Wake for Jesus: As the Good Friday service ended, a new experience of Easter began for me. This, is the first place I've ever been to where they have a Wake for Jesus. This community, in case I need to remind you, is very accustomed to wakes. They have them often, and they last a long time...and there's very little socializing during's all music and praying. So, what we did for this particular 'wake' is that we set up the crucifix at the altar, put props around it -crown of thorn, nails with blood on them- put about 60 candles of different colour around all of this, some prayerful readings next to the crucifix,. and left some coffee in the back for anyone who would come pray with Jesus during the next 24 hours. There may have been a game on that night -which I think the flyers lost..but they got past that first round in the end. Not so confident about this second round!- so I didn't come till much later, but I stayed a good 3 hours, and it was one of the richest, most invigorating prayers I've ever had. I spent time with the Bible, then when there was no one else in the Church, I'd go kneel at the altar, and just talk with Jesus, and when someone came in, I'd yield my place and go back to the Bible. Very ritualistic, but so enriching at the same time. I look forward to doing another such wake for Jesus in future years!!
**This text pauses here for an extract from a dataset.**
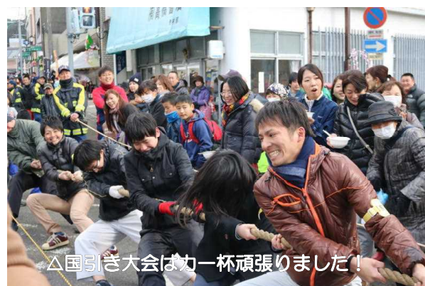
△国引き大会は一杯頑張りました!

On Sunday Morning, we had the Easter sunrise Vigil: I've had such vigils in the past..and they're very special..but in no way was I expecting the powerful experience that I would witness that Sunday morning. We must have stood outside in the chilly April morning for a good hour and a half...but I never once thought about the time, how cold I was,  or even the very important game 6 the flyers were playing that night. Rosalla -one of the DOS- lead the service, and I was entranced. I've witnessed in Guelph many people try to connect our Catholic journey to Creation by looking at nature more spiritually...but honestly, the people in Guelph have so much to learn from the Anishinabe in that department. I don't remember any of the words of the text...but I just remember that through it..I was given a very immediate, direct and personal role to play with all of creation. The wind, the fire, the water, the air...the relevance that all the elements have in my faith, the relationship that I have to them on a daily basis, was now being given a voice through this service. I was transfixed by the whole experience...almost as if I was discovering creation for the first time. Perhaps, that also is what Easter is about in the end: Renewal.  A new found desire to go...not to water, as the hymn says, but to may seem dangerous to go the fire, but that fire becomes a source of light, warmth and perhaps hope that I can not abandon. All of this to say..what a beautiful Easter season!! Thank you Wiki. Thank you great Manitou!